Task statement: With pictures left out, output exactly the lines from the line holding "Сбер стал первой" through the end of the data, both included.

(Information supplied Opens)

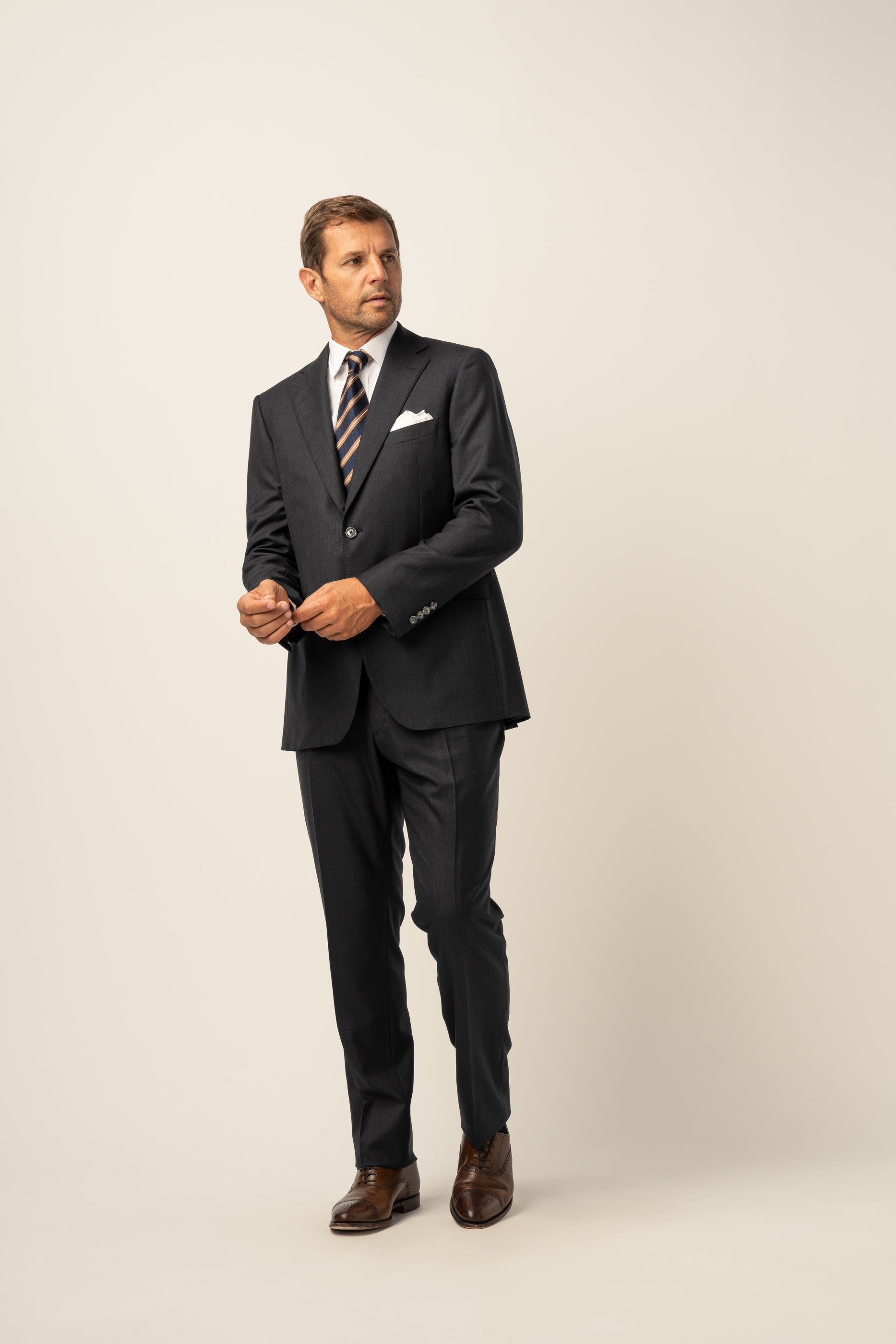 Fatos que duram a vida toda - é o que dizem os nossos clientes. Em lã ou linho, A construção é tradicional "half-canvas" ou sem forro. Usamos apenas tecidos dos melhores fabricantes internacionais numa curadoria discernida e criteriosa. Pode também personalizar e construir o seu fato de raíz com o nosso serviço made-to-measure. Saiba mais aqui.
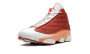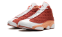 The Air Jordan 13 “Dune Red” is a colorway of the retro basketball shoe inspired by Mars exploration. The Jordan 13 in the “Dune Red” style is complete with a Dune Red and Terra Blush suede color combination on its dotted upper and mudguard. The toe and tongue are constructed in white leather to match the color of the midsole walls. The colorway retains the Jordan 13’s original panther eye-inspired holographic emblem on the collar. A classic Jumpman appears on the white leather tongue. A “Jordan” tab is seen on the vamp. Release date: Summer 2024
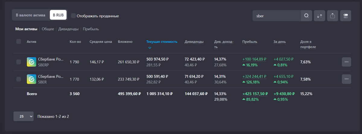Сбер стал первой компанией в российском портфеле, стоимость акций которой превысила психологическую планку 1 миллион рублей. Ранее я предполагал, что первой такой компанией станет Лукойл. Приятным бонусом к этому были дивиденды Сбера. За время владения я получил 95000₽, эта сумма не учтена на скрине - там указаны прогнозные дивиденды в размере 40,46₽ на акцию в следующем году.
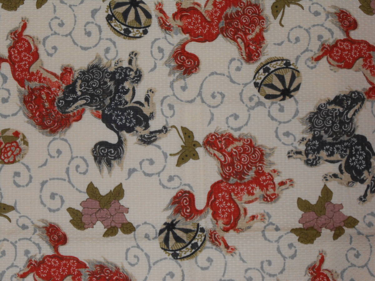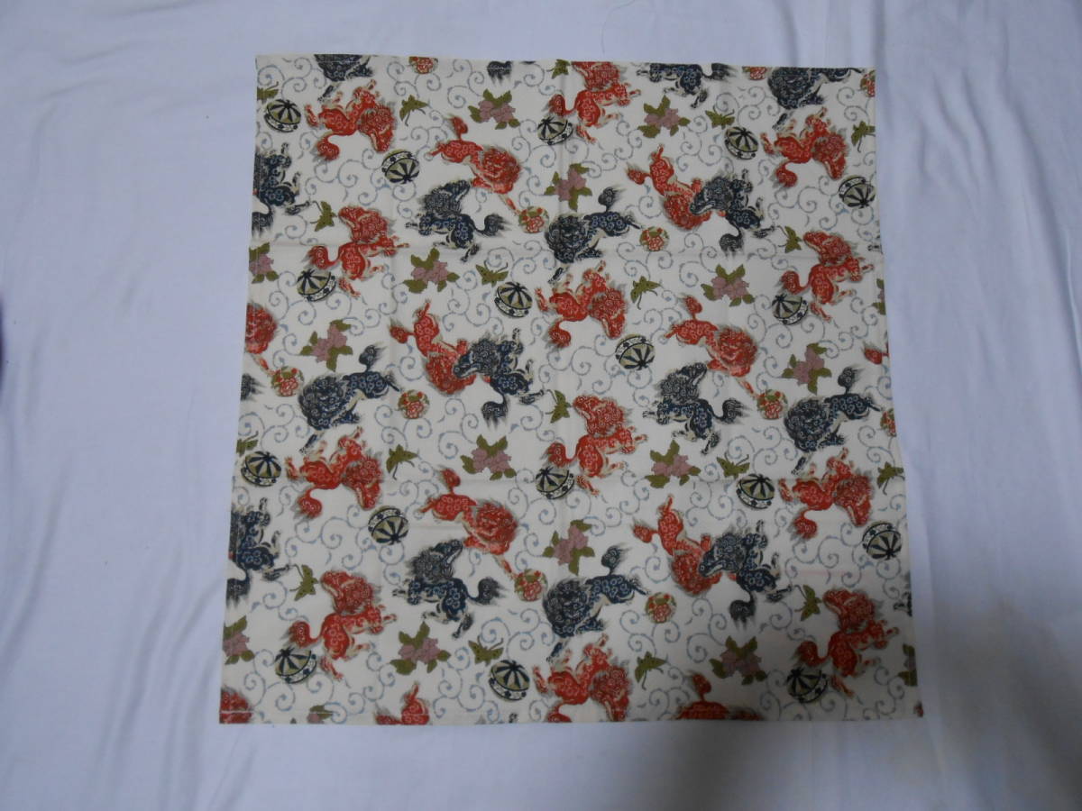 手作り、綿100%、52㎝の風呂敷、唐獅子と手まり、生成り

(Information supplied Closes)

Reply:
Сбер стал первой компанией в российском портфеле, стоимость акций которой превысила психологическую планку 1 миллион рублей. Ранее я предполагал, что первой такой компанией станет Лукойл. Приятным бонусом к этому были дивиденды Сбера. За время владения я получил 95000₽, эта сумма не учтена на скрине - там указаны прогнозные дивиденды в размере 40,46₽ на акцию в следующем году.
 手作り、綿100%、52㎝の風呂敷、唐獅子と手まり、生成り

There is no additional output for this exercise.